Wind definately affects deer movement. Here in Oklahoma we get our fair share of wind. Deer move much more with a light wind, however, we have periods where the wind will blow for days on end. During those times I feel like they are more likely to move during daylight hours. But if the wind is going to let up in a day or two, be sure to be in the woods when the wind lays - thats when the magic happens.


----------



## buckhunter2054 (Aug 3, 2005)

Deer still move but, it does affect them. They are really jumpy and jittery when it's windy. Just lastnight I had a doe come in and everytime the wind would gust up she would literally jump and really look around. They don't like the wind but, will move it in.


----------



## jbsoonerfan (Aug 15, 2008)

PossumKicker said:


> Wind definately affects deer movement. *Here in Oklahoma we get our fair share of wind.* Deer move much more with a light wind, however, we have periods where the wind will blow for days on end. During those times I feel like they are more likely to move during daylight hours. But if the wind is going to let up in a day or two, be sure to be in the woods when the wind lays - thats when the magic happens.

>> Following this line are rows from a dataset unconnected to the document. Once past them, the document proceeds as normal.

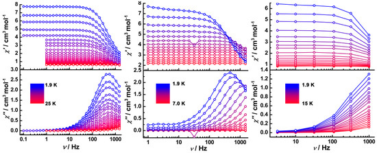 For complex 2Dy, both in-phase (χ′) and out-of-phase (χ″) ac susceptibilities exhibited frequency (Figure 4) and temperature (Figure S13, Supplementary Materials) dependency under a zero dc field, indicative of slow relaxation of magnetization. However, no peaks of χ″ were observed, indicating the presence of fast QTM relaxation.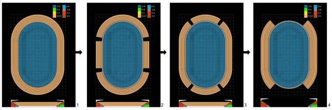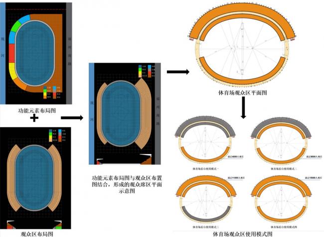 本设计结合“空间效益”理论,首先对建筑内部不同功能元素进行分析、组合与对比,形成对体育场馆功能组织模式的优化,并发展出兼具灵活性和效益性的“复合化”的功能体系。同时功能体系的提升也引发了建筑面积的有效缩减,并演生出 “以小建大”的设计可能。其次结合体育建筑建成后奥运使用要求,将专业性与多功能性进行综合考虑,扩大了体育建筑的使用外延,也为体育建筑日常性使用奠定基础。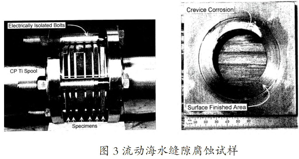 (2)在静态和流动海水中,654SMO、C22、686、59、C2000、Ti-45Nb、Ultimet 和25 等许多合金表现出完全的耐缝隙腐蚀性能;

Understatement of the year right there. It is blowing like 30+ mph today

I was gonna hunt this evening, but it may be :beer: and hot wings in front of the TV instead


----------



## AintNoGriz (Sep 28, 2006)

Hunted last night in 30+ winds, saw squat!


----------



## bigrackHack (Jun 11, 2004)

In this part of Texas, 20mph winds are considered a slight breeze :lol:. It all kinda depends on where you live and what the deer are used to. Even when it's fairly windy here (30+), the deer still move. They've gotta do their daily eat/sleep/drink routine. On those days, I concentrate on lower and/or sheltered areas. They stay on the downwind side of shelter belts, fingers of brush, etc. That's my experience, anyway.


----------



## dougedwards (Sep 5, 2010)

*Depends*

because two most prominent defensive senses of a whitetail are smell and hearing. Both are negatively affected by a strong wind blowing. However, one of the biggest bucks I have ever seen was chasing a doe around a beaver pond in a 25mph wind. 

A stubstantial wind could work in our favor if it has been blowing all day and then subsides right as the sun begins to fade into the west. Deer will usually come out from bedding without the usual paranoid posture but with a determination to find food or sexual fullfilment.

Doug


----------